Beginning with the line that contains "The atmosphere in" and ending with the line that contains "对于喜欢莳花弄草、喝茶交友的人来说,这样的露台太上头了。", reproduce the lines of the entries below exactly, omitting pictures.

* **Supplied entries**:
___
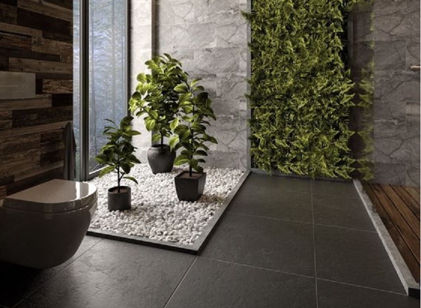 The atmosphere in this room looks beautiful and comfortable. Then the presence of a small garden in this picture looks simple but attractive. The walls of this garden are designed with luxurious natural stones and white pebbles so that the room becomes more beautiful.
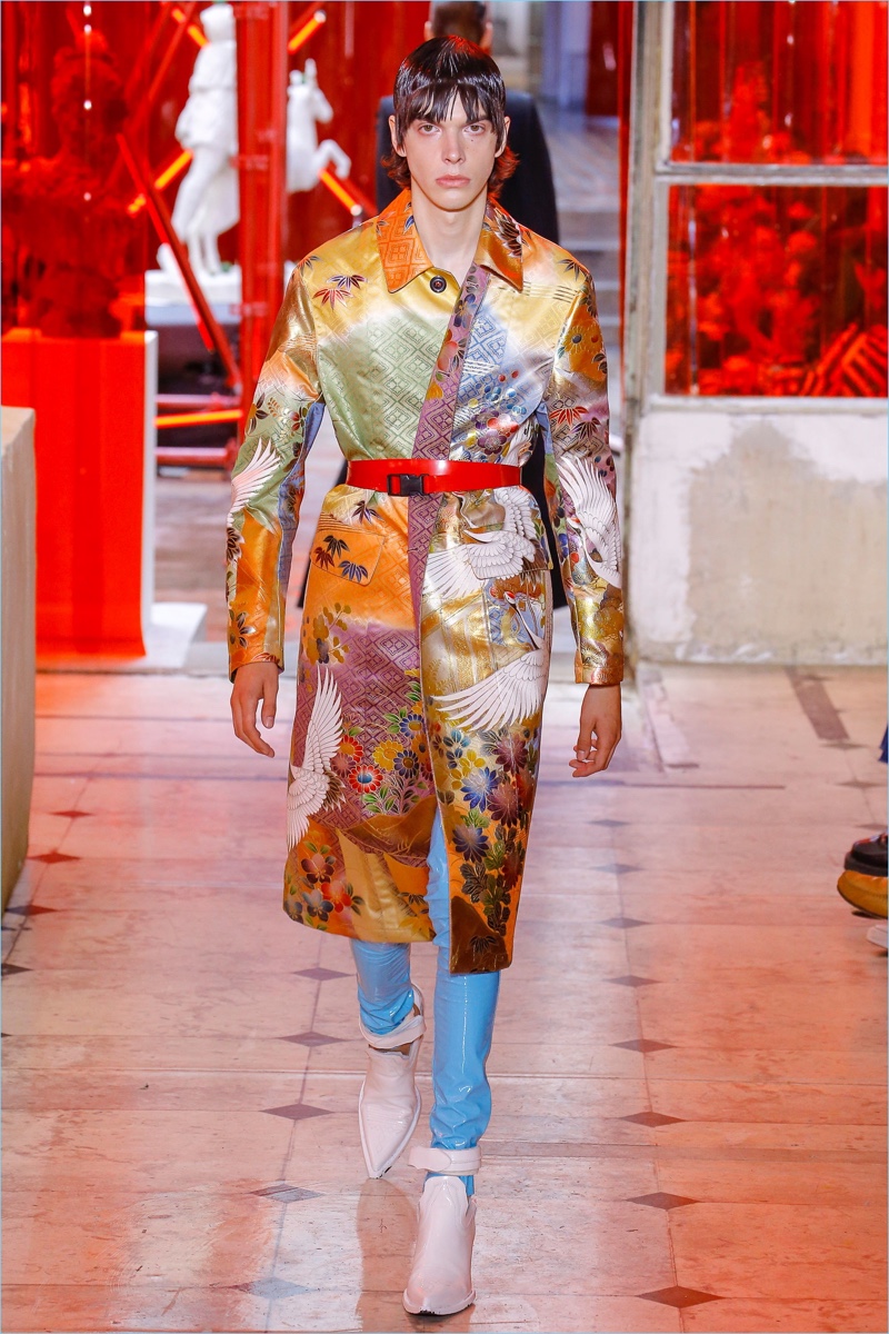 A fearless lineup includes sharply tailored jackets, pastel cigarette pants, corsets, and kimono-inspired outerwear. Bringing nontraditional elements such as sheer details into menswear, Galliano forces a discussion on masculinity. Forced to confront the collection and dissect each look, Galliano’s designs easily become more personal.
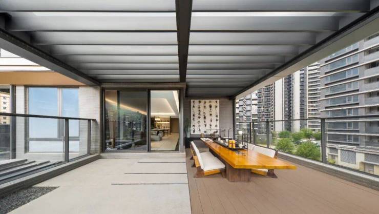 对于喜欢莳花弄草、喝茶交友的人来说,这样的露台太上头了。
___
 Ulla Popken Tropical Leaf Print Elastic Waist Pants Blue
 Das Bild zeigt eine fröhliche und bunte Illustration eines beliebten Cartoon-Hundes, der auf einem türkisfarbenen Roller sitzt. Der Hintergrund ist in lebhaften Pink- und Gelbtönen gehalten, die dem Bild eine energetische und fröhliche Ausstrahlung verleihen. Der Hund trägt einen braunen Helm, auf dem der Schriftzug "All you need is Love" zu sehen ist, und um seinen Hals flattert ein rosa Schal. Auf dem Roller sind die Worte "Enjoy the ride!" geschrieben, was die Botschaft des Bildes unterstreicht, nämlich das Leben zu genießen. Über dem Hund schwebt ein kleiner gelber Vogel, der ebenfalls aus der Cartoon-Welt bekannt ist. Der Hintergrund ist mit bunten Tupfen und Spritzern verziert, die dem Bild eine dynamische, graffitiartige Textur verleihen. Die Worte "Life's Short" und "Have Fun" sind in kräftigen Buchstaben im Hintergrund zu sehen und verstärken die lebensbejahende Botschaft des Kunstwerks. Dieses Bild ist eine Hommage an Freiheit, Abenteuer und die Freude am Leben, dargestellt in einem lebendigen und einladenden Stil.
___
* **Answer**:
 The atmosphere in this room looks beautiful and comfortable. Then the presence of a small garden in this picture looks simple but attractive. The walls of this garden are designed with luxurious natural stones and white pebbles so that the room becomes more beautiful.
 A fearless lineup includes sharply tailored jackets, pastel cigarette pants, corsets, and kimono-inspired outerwear. Bringing nontraditional elements such as sheer details into menswear, Galliano forces a discussion on masculinity. Forced to confront the collection and dissect each look, Galliano’s designs easily become more personal.
 对于喜欢莳花弄草、喝茶交友的人来说,这样的露台太上头了。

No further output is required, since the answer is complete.